Eating with Jesus

A reflection for Proper 17, Year C:

Luke 14:1, 7-14

 On one occasion when Jesus was going to the house of a leader of the Pharisees to eat a meal on the sabbath, they were watching him closely. When he noticed how the guests chose the places of honour, he told them a parable. ‘When you are invited by someone to a wedding banquet, do not sit down at the place of honour, in case someone more distinguished than you has been invited by your host; and the host who invited both of you may come and say to you, “Give this person your place”, and then in disgrace you would start to take the lowest place. But when you are invited, go and sit down at the lowest place, so that when your host comes, he may say to you, “Friend, move up higher”; then you will be honoured in the presence of all who sit at the table with you. For all who exalt themselves will be humbled, and those who humble themselves will be exalted.’

He said also to the one who had invited him, ‘When you give a luncheon or a dinner, do not invite your friends or your brothers or your relatives or rich neighbours, in case they may invite you in return, and you would be repaid. But when you give a banquet, invite the poor, the crippled, the lame, and the blind. And you will be blessed, because they cannot repay you, for you will be repaid at the resurrection of the righteous.’
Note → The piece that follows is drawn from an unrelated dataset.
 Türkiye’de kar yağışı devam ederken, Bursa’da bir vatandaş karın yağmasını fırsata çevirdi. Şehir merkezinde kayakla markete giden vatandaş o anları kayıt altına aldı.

It seems like we spend a lot of time in the Gospels eating with Jesus.  Eating at wedding banquets, eating at friends’ homes, eating with multitudes of people, breaking bread with close friends.  Of course, there is a lot that happens in the narrative of Jesus’ birth, ministry, life, death, and resurrection that we encounter in the Bible, and we tell those stories across the liturgical year.  The more I reflect on how often food appears in those stories along with Jesus, the more I realize that these stories of feasting, eating, and dining with Jesus are at the core of my faith.  There is awe in the divine mystery of Jesus Christ, God-made-human.  But, there is also something incredibly beautiful about Jesus, the divine-yet-human being who understands the nature of what we need…food for sustenance of body, and relationship for sustenance of soul.  If Jesus is someone that I can eat with, Jesus is someone that I can relate to.  If Jesus conveys stories through the sharing of food and fellowship at the table, then I am someone who wants to listen and be fed.  So, when Jesus invites me to eat with him, I am drawn to say an enthusiastic “yes.”  That, in a few sentences, is the pattern that has drawn me deeper and deeper into the relationship with Jesus that is the basis of my Christian life.
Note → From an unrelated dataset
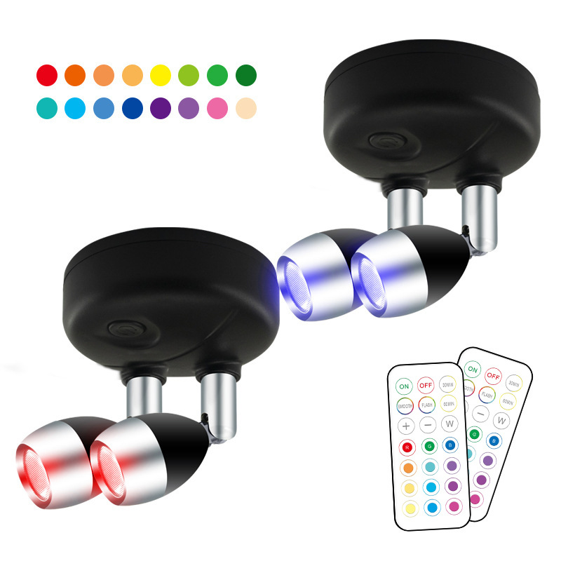 13色无线rgb遥控橱柜射灯跨境角度可调节氛围led拍拍灯小夜灯

I’ve realized while reflecting on this Gospel that we read today that eating with Jesus is probably the perfect metaphor for our lives of faith.
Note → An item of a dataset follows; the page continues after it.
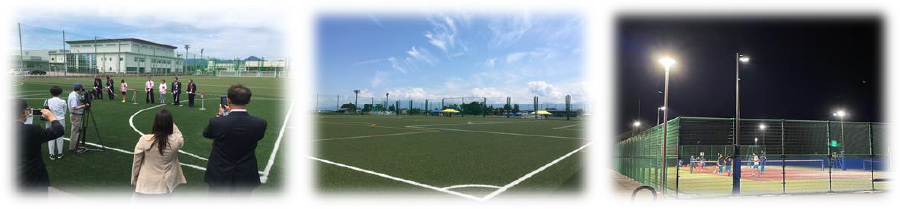 仙北地域の田茂木地区内に、大仙市の新しい施設として、多目的人工芝グラウンド「ふれあいスポーツランド・ソラーレ」がオープンしました。竣工式が6月下旬にあり、テープカットセレモニーを行いました。広さは、サッカーコートで2面、フットサルコートだと4面がとれる大きさで東北最大級を誇っています。

Jesus, as a devout and faithful teacher, offers up stories and parables which invite his hearers to live deeply into the two great commandments that were central to his Jewish faith and life:  you shall love the Lord your God with all your heart, with all your soul, with all your mind, and with all your strength and you shall love your neighbor as yourself.  These core values…the Shema…frame his life and ministry.  When I think about those words, I realize that my own upbringing instilled something that at its core is a branch of this sacred value.  It was spoken and lived out by my Grandmother:  when you love people, you feed them.  She was the matriarch of a farming family, and fed everyone from farm hands to her own flesh and blood with food cooked with love.  Sometimes that food was abundant, and sometimes she made due with whatever was available.  But, always, you were fed because you were loved.  Favorite meals on birthdays, family gatherings with spreads of comfort food, Thanksgiving banquets that would stretch across multiple rooms of my Gramma’s farmhouse, containing contributions from multiple family members cooked and baked with love and care.  We feed our families, we make sure our children have food…even special food…and sometimes we even go without food ourselves in order to make that happen.  When people we love are sick, we feed them.  When people are hurting and grieving, we feed them.  When we are happy and celebratory, we throw parties and invite people to share our joys with us.  The food and faces may change with culture, geography, what we love to eat and what is available to us.  But, rather universally, when we love people we feed them.  When we are fed, we come to know that we are loved.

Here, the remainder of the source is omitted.